I thought the main point of "data mining" is to essentially spy on people--their personal information, their buying habits, the sites they visit on the Web, etc.
Gathering marketing information is certainly one common goal, but I don't think that analyzing web visitation data meets the definition of data mining. The epidemiology post gives an example of other uses, in this case, looking at habits such as smoking and correlating them to human disease. (The identity of the smokers is irrelevant although demographic information has value.) Another example might be an expert system that calculates the insurability of an individual or a company based on statistical analysis gleened from a data mining tool. The reason that I think that web visitation analysis is not by itself data mining is that the original purpose of data mining was to provide data analysis tools for information stored in a wide variety of formats...unstructured text, semi-structured text of many types, old ISAM databases, and various new database formats. Frequently, the objects of the data mining were data from legacy data processing systems in corporate archives going back many years, including pre-web years. Analyzing all this data presented a difficult software development task and tools emerged to handle the various file formats and provide powerful statistical analysis. Looking at web statistics alone is actually a very simple task. The web servers provide nicely structured data that is easily crunched. Of course, this information could be thrown into the general data mining pool and used in combination with other information.

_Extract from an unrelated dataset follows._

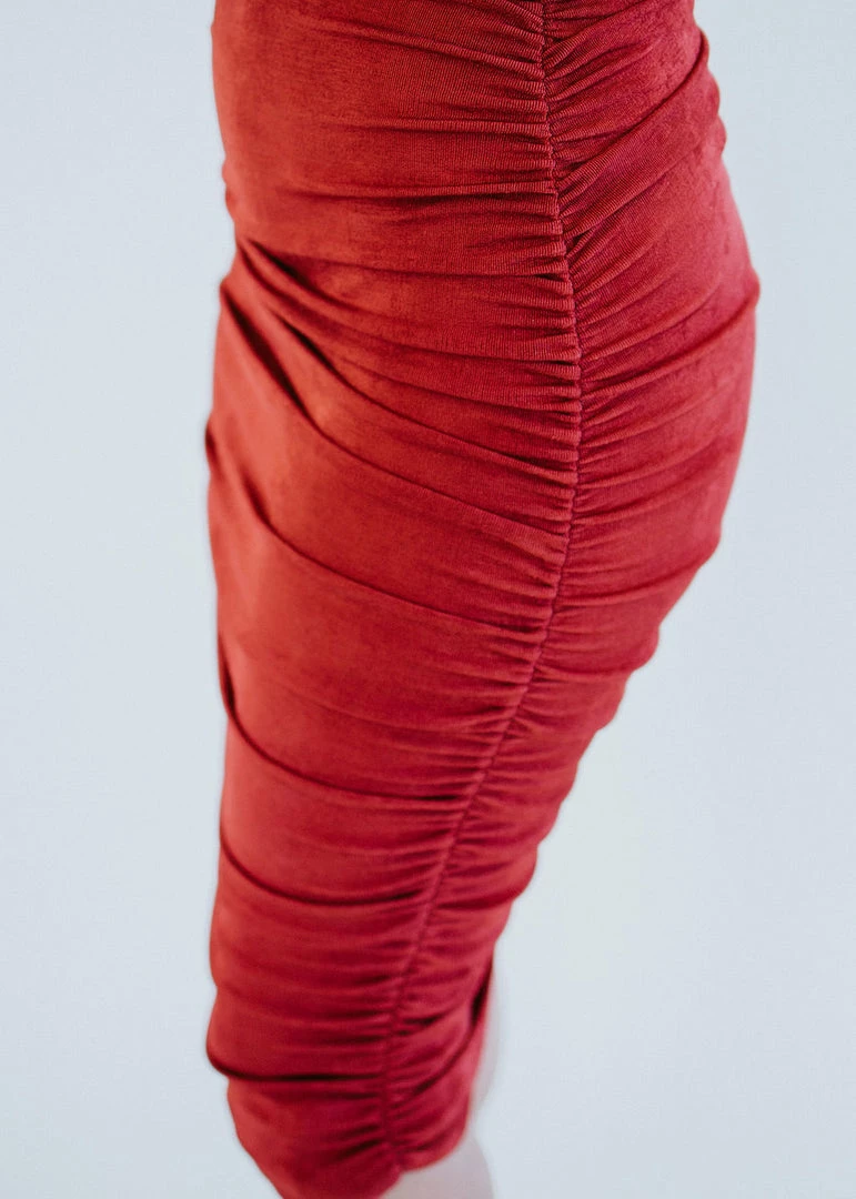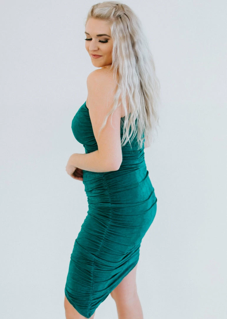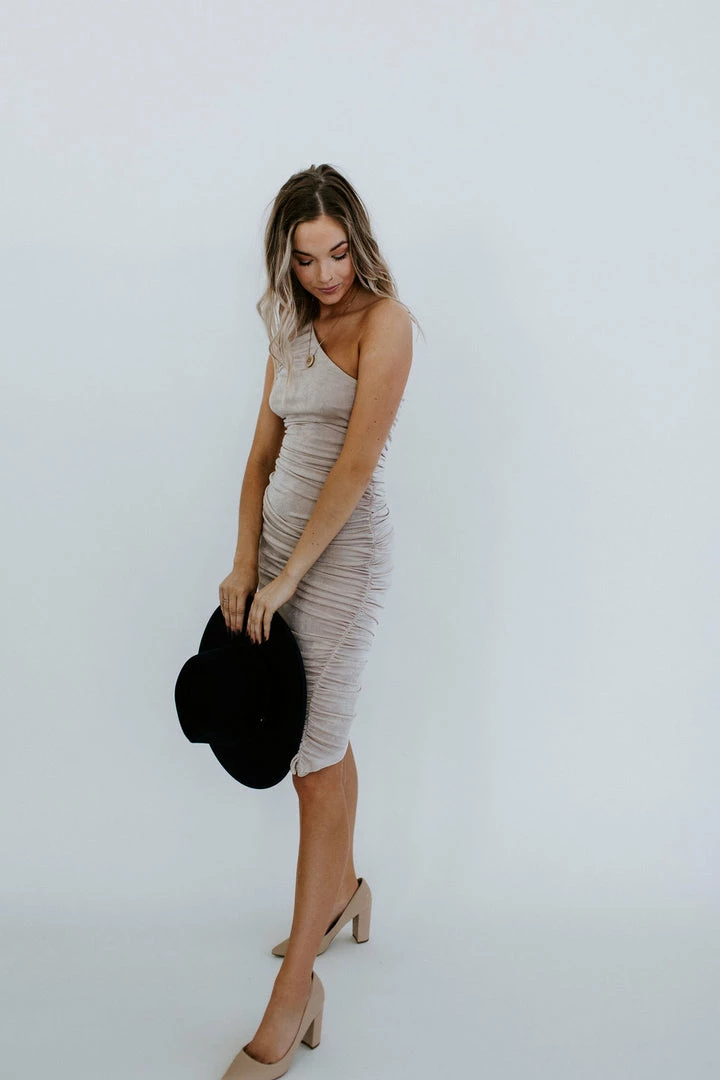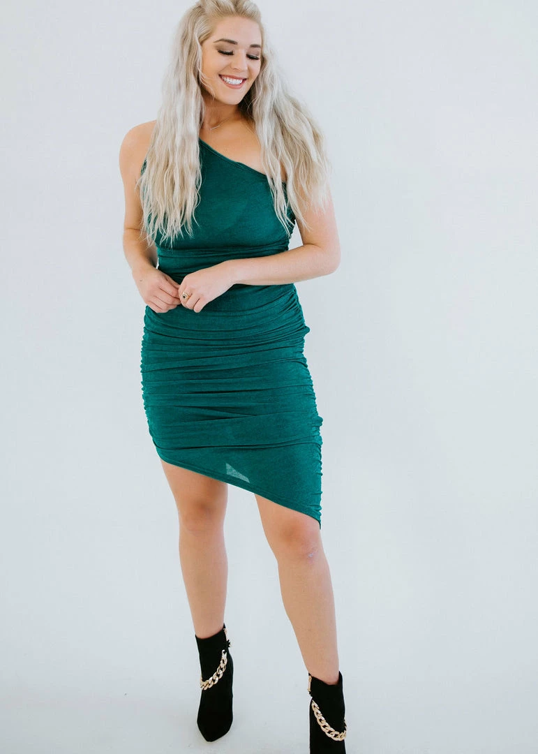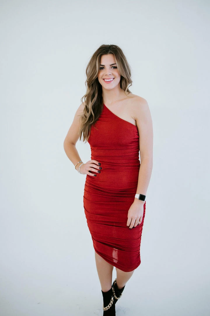 It will be love at first sight with this dreamy dress! The flattering one-shoulder design is styled with an asymmetrical hemline and ruching along the sides. Stretchy lightweight fabric with a shimmery finish adds dimension to the fitted silhouette. Pair with some heels for your next big event. Baylee and Kara are wearing a size small. Kaylor is wearing a size medium. We recommend a nude slip/underwear underneath.

My view of data mining is that it is just one of the more recent CS/IS buzz words that are being thrown about recently. As computer hardware gets cheaper and the ability to collect larger amounts of data from different sources grows the size of databases are growing very quickly. The ability to do analysis on these large stores of data is quickly growing thanks to the faster cheaper hardware and the more powerful software tools being made available. The true cutting edge for these technologies is in business not in academia. I believe that it moved from academia to business between 10 and 20 years ago as SQL database systems started being developed. Data mining, OLAP, and data warehousing are well known concepts that are in widespread use throughout the industry.
One more thought...the questionable associations might com from datacrats who use datamining without having a firm knowledge of statistics and research. A common example is someone who concludes from datamining that obesity is caused by Diet Coke because that is what obese people drink more than anything else. I guess it is a matter of taste whether that is just bad science or datamining gone amok. I guess the name is expanding in meaning. I don't know exactly when the term first appeared, but the concepts go back to about 1989 or 1990 with some "knowledge engineering" folks.